A determined traveler is a force of nature: undeterred, unwavering, and uniquely positioned to take joy in very minor triumphs.
It was, after hours of searching, an unremarkable beer. Several hours later, ‘cold’ is the best word I can come up with the describe it.
But it was a travel success that only those on the road can enjoy.
Bereft of the usual things that bring us joy – friends, family, work or hobbies – travelers must seek their rewards elsewhere.
I visited a large Buddha statue outside of Tokyo in the town of Kamakura. It’s the largest Buddha in Japan and pushing 800 years old. Restoration work means the Buddha now sits on a shifting plate of some kind that shimmies under the Buddha in an earthquake to prevent damage to the statute. Daibutsu, as he is called, is clearly a cut above the rest when it comes to Buddha statues.
But it was something in the gift shop that caught my eye. In a refrigerator with water bottles, juice, and soda. There, on the bottom shelf, I spotted a bottle of Kamakura beer.
This is not a famous beer or one that is well known in Japan. But it was new. I decided then and there I needed to try it. Dave wholeheartedly endorsed my quest. Our respects paid to Daibutsu, we set out to look.
Walking through town after leaving the temple, we stuck our head in at least a dozen bars and restaurants looking for Kamakura beer. Several were closed. Others didn’t have it. One place had several beers from California, but no Kamakura. Another place had sweet potato ice cream (it’s pleasing purple color topped only by the subdued sweet taste), but no Kamakura.

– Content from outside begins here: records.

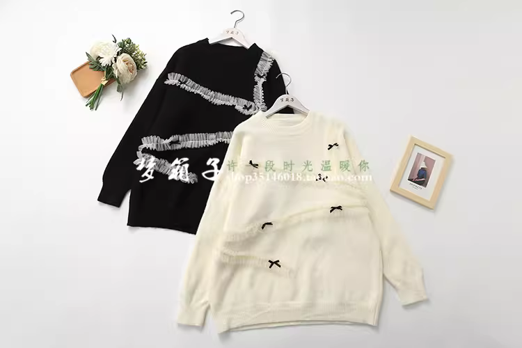 宽松套头,甜美蝴蝶结木耳边美美哒
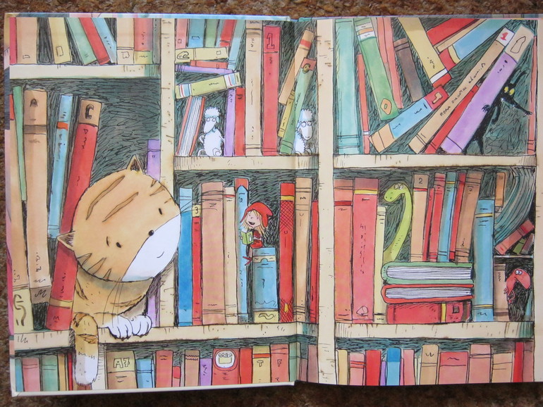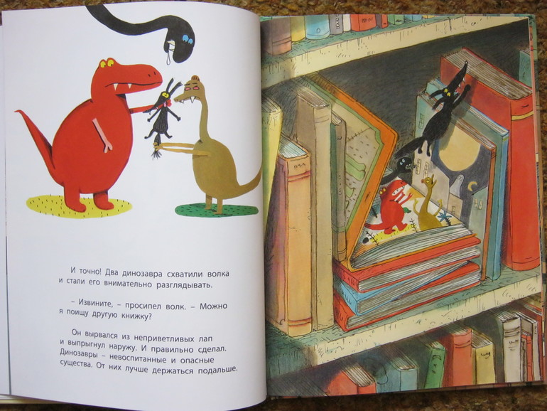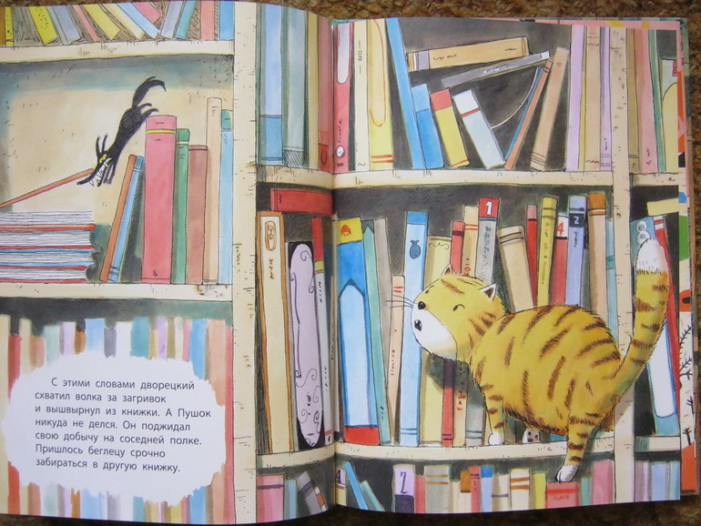 Он бегал с полки на полку, иногда залезая в книжки, надеясь найти свою, но попадал совсем не туда...
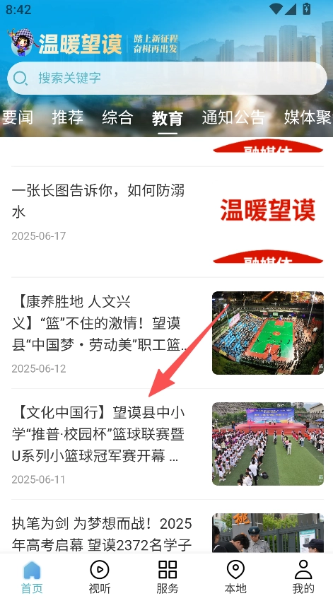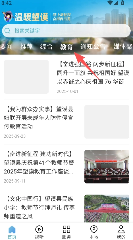 《温暖望谟》作为一款聚焦本地的资讯类应用,设有首页、视听、服务、本地、我的等核心板块。其中首页进一步细分要闻、推荐、综合、教育等内容分类,教育分类专区专门呈现本地相关资讯,涵盖各类活动、节日等主题内容。用户点击任意资讯即可进入详情页面,既能阅读文字信息,也能观看配套视频,视频支持播放与暂停功能。该应用全面覆盖本地用户对各类资讯的获取需求,让大家了解本地信息更轻松便捷,精准适配本地生活场景下的信息获取习惯,有效提升资讯浏览的针对性和效率,充分满足用户查看本地资讯的核心诉求,帮助大家及时掌握本地各类动态信息。
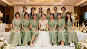 4. Sage Green Bridesmaid Dress: Trendy Wedding Attire
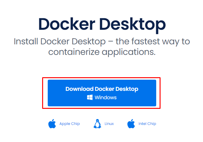그럼 위와 같은 내용이 나타나는데요. 이제 도커를 설치해야 할 차례입니다. 순서대로 Install Docker – Download Docker Desktop을 눌러주고 나타나는 인터넷 사이트에서 Dwonload Docker Dosktop을 눌러 설치 프로그램을 다운로드 받습니다.

Obsessively, we trod through back alleys and up promising stairways, only to be let down by a ‘closed’ sign or a disappointing ‘no’ when we asked what’s on tap.
Before that day I had never heard of Kamakura beer. I had not read a single review that said anything amazing about it. I doubted it would be anything special. There was no way I was leaving Kamakura without one.
Signs posted in a labyrinth of narrow side streets pointed us to a restaurant that promised to have Kamakura. It was empty – well past lunch but too early for dinner – and the staff outnumbered Dave and I two to one.
“Two Kamakura please,” I said.
If I were to rank it on my all-time list of best beers ever, it would be somewhere in the forgettable middle. Out meandering tour through Kamakura under the watchful eye of Daibutsu, however, will not fade from my memory so quickly.
One day I’ll be wandering through the specialty beer section of a grocery store and I’ll spot a Kamakura, on the bottom shelf. I’ll probably pay twice what I did in Japan, but I’ll gladly buy it and toast the memory of a mediocre cold one.